Early predictive text systems, like T9 input on flip phones, operated on purely rule-based algorithms. Though largely obsolete, the echoes of T9 still remain in the 3-4 small letters of the alphabet found beneath numbers on many numerical pads on both physical keypads and our smartphones. Though rudimentary, this worked well for the time: T9, short for ‘Text on 9 keys,’ mapped sequences of keypresses to possible words based on static frequency dictionaries. For example, pressing 4-6-6-3 could produce good, home, or gone, but it could also produce goof or IMOD (like the software). Good, home, and gone are all statistically more common than goof or IMOD, so this set would likely appear in the order: good, home, gone, goof, IMOD, where the user can use a d-pad or other button to navigate the list and select the one they meant to type. So yes, users could cycle through options, but the system lacked any contextual awareness—it had no way of knowing what you meant to say beyond brute-force frequency rankings. One might even argue that something like T9 is more correlative than predictive…
Today’s predictive systems, like those found in smartphone keyboards or tools like Gmail’s Smart Compose, rely on transformer-based models (one of the most well-known of these being GPT). Transformer-based models are a type of deep learning system that predict language by processing entire sequences of text, not just one word at a time, attending to relationships between words across full sentences. Unlike earlier predictive text models that ‘read’ left to right, transformers look at the entire body of text at once and determine which words are most important for understanding meaning. This allows for more nuanced and context-aware predictions—these can feel almost magical when common phrases like ‘see you [soon]’ or just letting [you know]’ are predicted from just the first couple of words. Even beyond just a simple phrase, something like Gmail’s Smart Compose can complete formal structures in emails and even suggest polite phrases like ‘please let me know if you have any questions’ at the end of an email. As Chen et al. explain, Smart Compose (an example of a more complex predictive text model) uses internal confidence thresholds to decide when to offer predictions, a quiet but significant acknowledgement that these systems are built to guess, not to know (Chen et al. 2019). The pinnacle of these transformer-based models is a predictive system like ChatGPT which, in its own words, relies on an
"attention mechanism, which allows the model to consider the entire context of a sentence or conversation at once [...] ChatGPT doesn’t simply guess the next word from a fixed list but dynamically weighs all prior input to generate a coherent and contextually relevant response [... ChatGPT] learns statistical patterns in language that guide these predictions." (OpenAI 2025)

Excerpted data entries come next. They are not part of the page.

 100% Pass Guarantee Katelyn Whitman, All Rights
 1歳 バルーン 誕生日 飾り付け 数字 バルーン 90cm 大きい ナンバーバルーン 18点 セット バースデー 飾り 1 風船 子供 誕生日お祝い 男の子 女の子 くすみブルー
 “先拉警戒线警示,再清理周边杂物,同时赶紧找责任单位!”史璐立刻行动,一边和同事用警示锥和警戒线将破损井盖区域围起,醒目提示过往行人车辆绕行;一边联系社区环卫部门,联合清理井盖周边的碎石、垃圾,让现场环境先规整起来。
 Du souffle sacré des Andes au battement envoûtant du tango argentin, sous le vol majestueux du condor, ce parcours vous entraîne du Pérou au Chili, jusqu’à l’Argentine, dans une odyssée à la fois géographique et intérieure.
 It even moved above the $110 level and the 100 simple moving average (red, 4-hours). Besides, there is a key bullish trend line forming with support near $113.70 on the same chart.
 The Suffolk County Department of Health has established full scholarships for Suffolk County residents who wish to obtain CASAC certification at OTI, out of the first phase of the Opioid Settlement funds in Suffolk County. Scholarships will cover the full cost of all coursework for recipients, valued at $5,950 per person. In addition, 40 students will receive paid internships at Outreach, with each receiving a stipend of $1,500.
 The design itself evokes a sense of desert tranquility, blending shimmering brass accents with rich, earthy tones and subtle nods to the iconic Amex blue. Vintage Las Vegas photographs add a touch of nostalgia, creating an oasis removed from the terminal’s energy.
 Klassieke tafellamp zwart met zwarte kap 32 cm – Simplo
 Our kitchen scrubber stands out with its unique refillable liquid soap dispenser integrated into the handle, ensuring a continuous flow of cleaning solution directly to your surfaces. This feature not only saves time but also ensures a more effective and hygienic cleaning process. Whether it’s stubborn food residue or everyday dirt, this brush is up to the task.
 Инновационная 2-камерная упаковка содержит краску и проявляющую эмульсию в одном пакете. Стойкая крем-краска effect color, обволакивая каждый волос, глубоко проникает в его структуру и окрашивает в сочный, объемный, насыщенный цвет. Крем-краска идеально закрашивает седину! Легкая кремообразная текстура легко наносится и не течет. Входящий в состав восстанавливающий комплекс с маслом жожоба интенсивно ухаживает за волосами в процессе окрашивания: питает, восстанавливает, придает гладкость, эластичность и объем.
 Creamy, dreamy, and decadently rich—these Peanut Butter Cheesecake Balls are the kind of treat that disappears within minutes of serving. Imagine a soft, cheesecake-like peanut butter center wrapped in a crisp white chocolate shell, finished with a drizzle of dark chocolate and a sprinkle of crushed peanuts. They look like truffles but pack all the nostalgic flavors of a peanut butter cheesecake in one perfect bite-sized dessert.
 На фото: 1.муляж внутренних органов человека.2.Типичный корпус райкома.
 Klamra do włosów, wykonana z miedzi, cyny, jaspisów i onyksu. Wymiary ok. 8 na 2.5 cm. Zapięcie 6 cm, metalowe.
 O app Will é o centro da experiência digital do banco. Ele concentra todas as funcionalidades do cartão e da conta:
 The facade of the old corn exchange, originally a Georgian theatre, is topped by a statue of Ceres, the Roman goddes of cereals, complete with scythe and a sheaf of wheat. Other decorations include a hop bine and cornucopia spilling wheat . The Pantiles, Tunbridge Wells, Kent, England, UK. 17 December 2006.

This attention model (Vaswani et al. 2017) allows for predictions so uncannily accurate that ChatGPT appears to be conversing naturally—though uncanny, this accuracy can be measured.
Accuracy in predictive text is often measured using three metrics: perplexity, exact match rate, and real-world speed tests. Perplexity is a statistical measure of how well a model predicts a sample of text; lower perplexity implies more confident, fluent predictions; exact match rate evaluates how often the top prediction matches what the user actually types; and real-world speed tests—such as measuring words per minute—assess whether predictive text genuinely helps users write faster and more efficiently. Yet studies show mixed results. Kristensson and Müllners (2021) found that predictive keyboards often don’t improve speed, and may even slow users down due to cognitive load. Likewise, Quinn and Zhai (2016) observed that overly assertive predictions can disrupt user flow.

The figure featured above, taken from Kristensson and Müllners (2021) compares minimum word length on the x-axis with number of letters typed before looking at a prediction on the y-axis. The dotted line marks the divide between where predictive text increases “net entry rate” and where predictive text actually impedes the user. In terms of the heat map colors, the deepest red is where predictive text is most helpful while the blue shows where it is unhelpful. The most efficient operating area (shown by the blue point in the deep red) sits significantly above this line, meaning that the average user doesn’t actually benefit that much from predictive text.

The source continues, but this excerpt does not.